▸ WHAT TO PRODUCE:
Beginning with the line that contains "The easy-to-access Dual", reproduce the remaining lines of the material exactly, up to and including the last one, but no pictures.

▸ RECORDS TO USE:
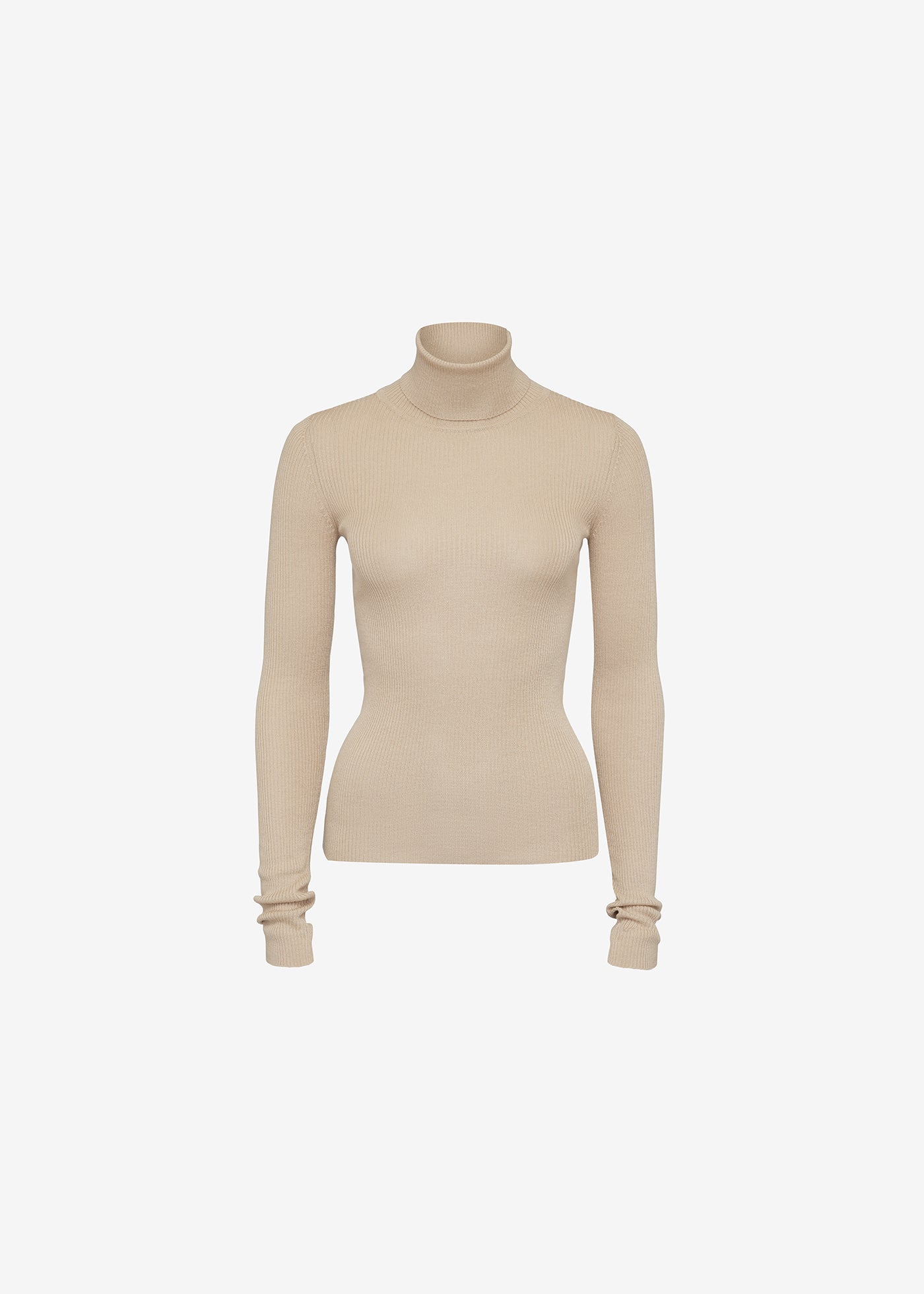 A transeasonal staple knitted in a fine silk cashmere for the most luxurious base layer. Featuring a rib knit and a high neck, which can be rolled or scrunched. Designed for a slim fit for additional warmth.
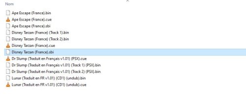 Je copie à présent le fichier sbi dans le même dossier et je le nomme de la même façon que les fichiers bin/cue du jeu :
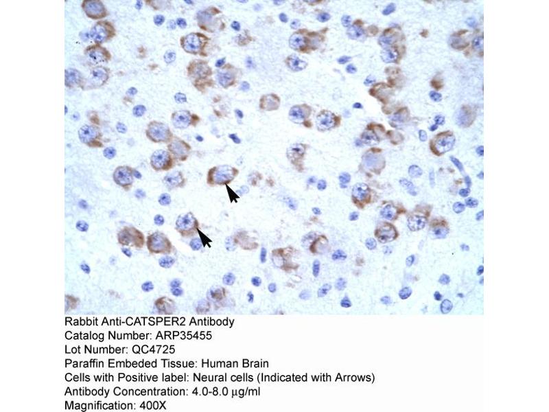 Calcium ions play a primary role in the regulation of sperm motility. Anti-CATSPER2 belongs to a family of putative cation channels that are specific to spermatozoa and localize to the flagellum. The protein family features a single repeat with six membrane-spanning segments and a predicted calcium-selective pore region. A second, closely linked copy of this gene has been identified. Although multiple transcript variants encoding protein isoforms have been characterized, they seem to be only transcribed from this gene. Additional splice variants have been described but their full-length nature has not been determined.
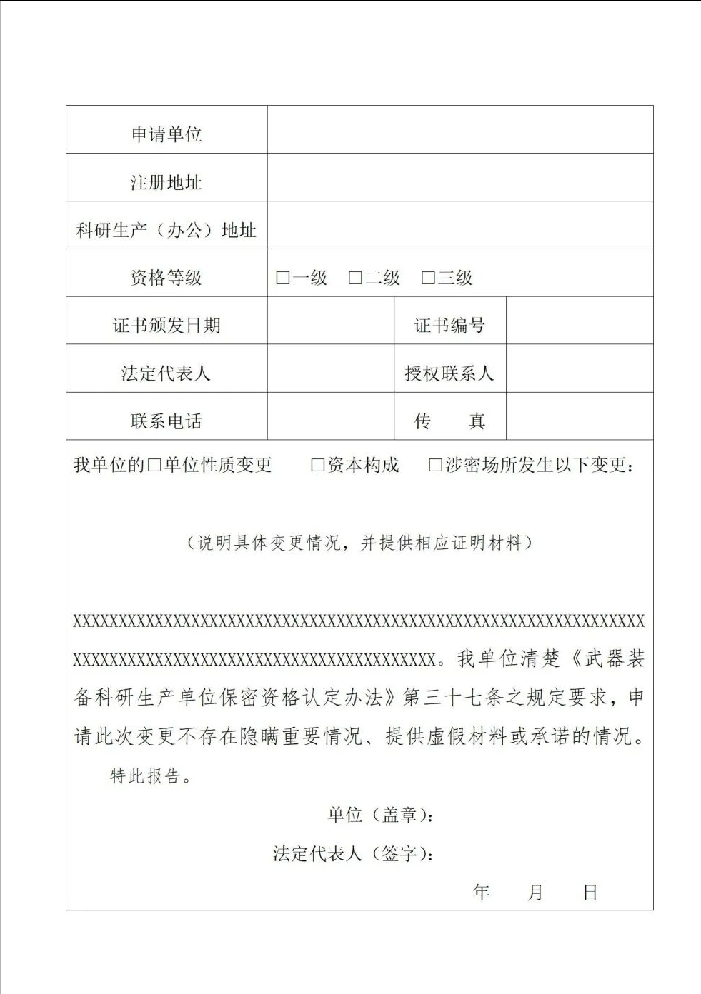 附件:軍工保密資格事項(xiàng)變更報(bào)告
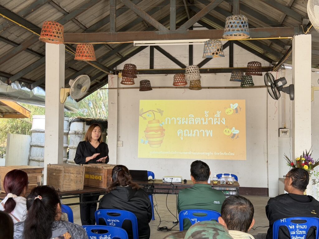 วันที่ 13 ม.ค. 2569 นายธราทิพย์ ปาวะระ ผู้อำนวยการศูนย์ส่งเสริมเทคโนโลยีการเกษตรด้านแมลงเศรษฐกิจ จ.เชียงใหม่ มอบหมายให้ นางกิ่งกาญจน์ ชัยการ นักวิชาการส่งเสริมการเกษตรชำนาญการ และทีมเจ้าหน้าที่นักวิชาการศูนย์ฯ ถ่ายทอดองค์ความรู้ การเลี้ยงผึ้งโพรง ให้กับเกษตรกรศูนย์ศึกษาพัฒนาการท่องเที่ยวโดยชุมชน ณ ศาลาเอนกประสงค์บ้านหัวทุ่ง ตำบลเชียงดาว อำเภอเชียงดาว จังหวัดเชียงใหม่ ภายใต้โครงการส่งเสริมงานอาชีพการเลี้ยงผึ้งโก๋น สร้างสมดุลสิ่งแวดล้อมในกลุ่มแรงงานนอกระบบ เพื่อส่งเสริมอาชีพและการพึ่งพาตนเองได้อย่างมีคุณภาพ โดยมีกิจกรรมที่น่าสนใจได้แก่ การเลี้ยงผึ้งโพรง การเก็บน้ำผึ้งอย่างมีคุณภาพ เทคนิคและวิธีการเลี้ยงผึ้งโพรง เป็นต้น
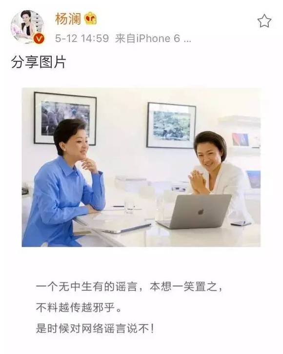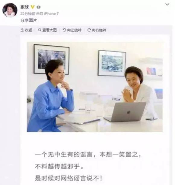 近日,国内两大知名的职场女性杨澜和张欣在网上晒出了一张耐人寻味的同框合照,并附有一段话:“一个无中生有的谣言,本想一笑置之,不料越传越邪火。是时候对网络谣言说不!”
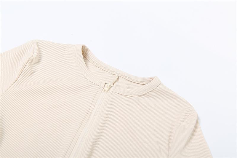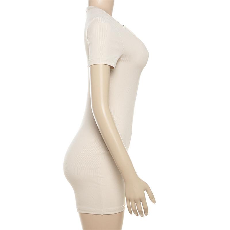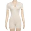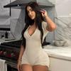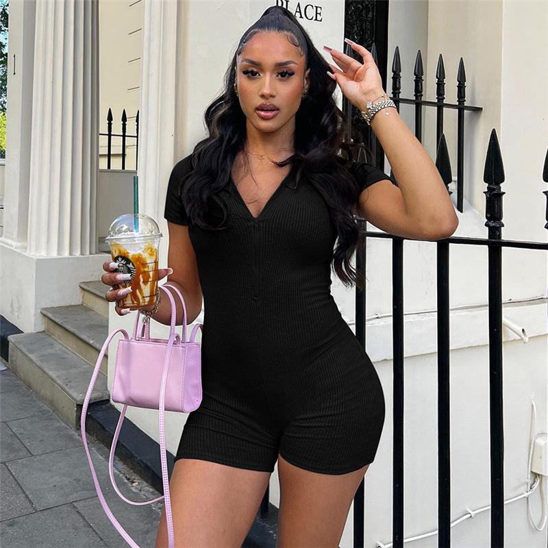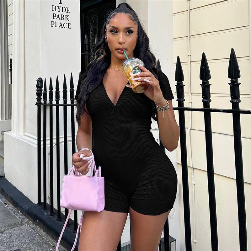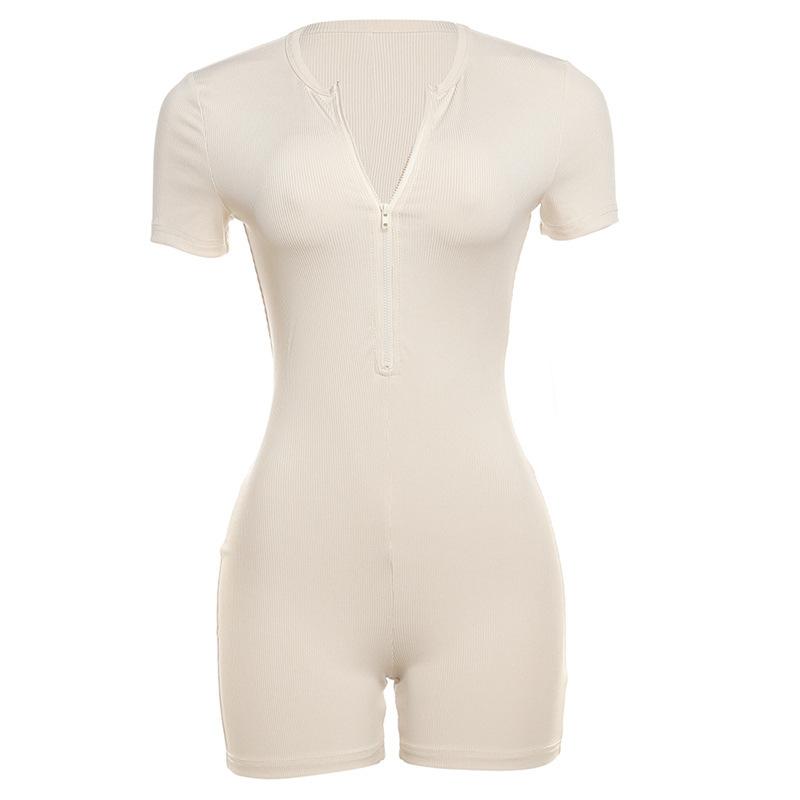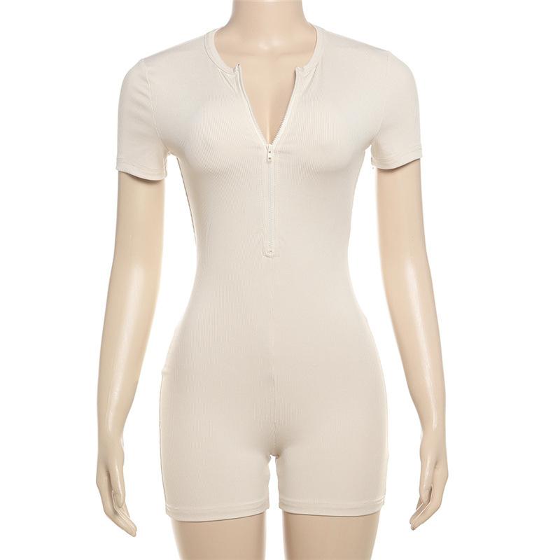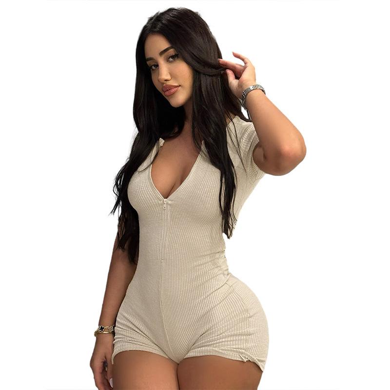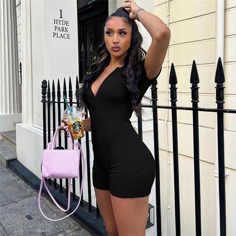 Estilo europeo y americano 2024 ropa de primavera para mujer transfronteriza nueva color sólido manga corta ajustado sexy cremallera shorts mameluco
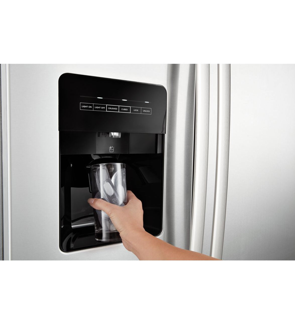 The easy-to-access Dual Pad External Ice and Water Dispenser with EveryDrop Water Filter keeps the freshness flowing. Dual pads give you two different spots to fill up on ice and water, so switching from one to the other is as easy as the push of your cup.
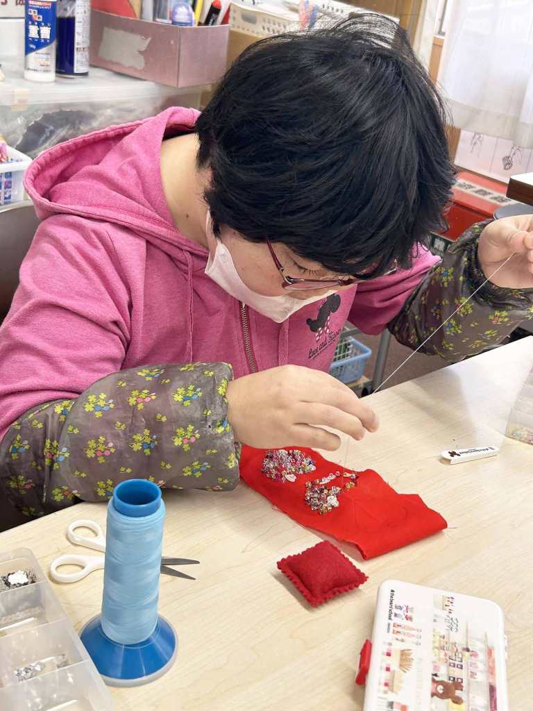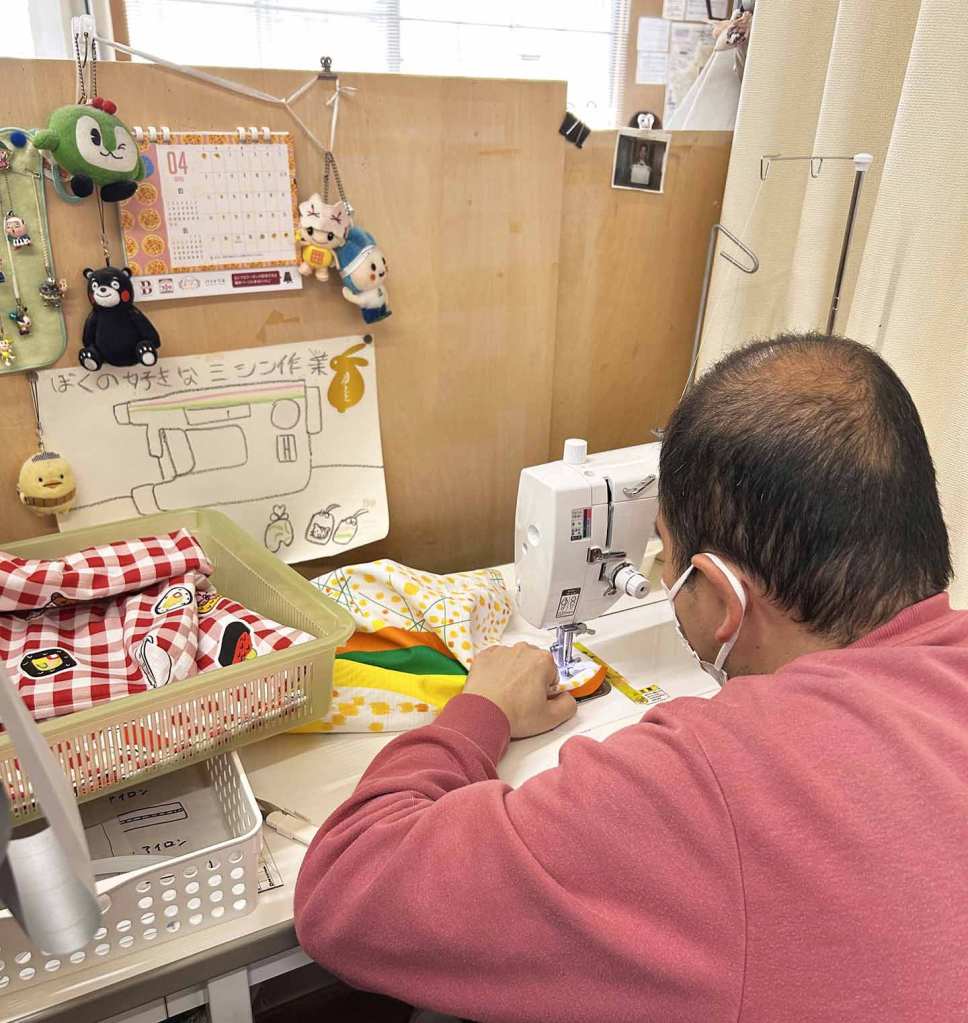 この巾着の制作においては、就労B型だけでなく、生活介護のメンバーも作業に加わっているのだとか。布の裁断、ミシンでの縫製、紐通し、紐のカット、紐を結ぶなど、作業を細分化することで、多くのメンバーがなにかしらの工程で参加することができます。

▸ SOLUTION:
 The easy-to-access Dual Pad External Ice and Water Dispenser with EveryDrop Water Filter keeps the freshness flowing. Dual pads give you two different spots to fill up on ice and water, so switching from one to the other is as easy as the push of your cup.
 この巾着の制作においては、就労B型だけでなく、生活介護のメンバーも作業に加わっているのだとか。布の裁断、ミシンでの縫製、紐通し、紐のカット、紐を結ぶなど、作業を細分化することで、多くのメンバーがなにかしらの工程で参加することができます。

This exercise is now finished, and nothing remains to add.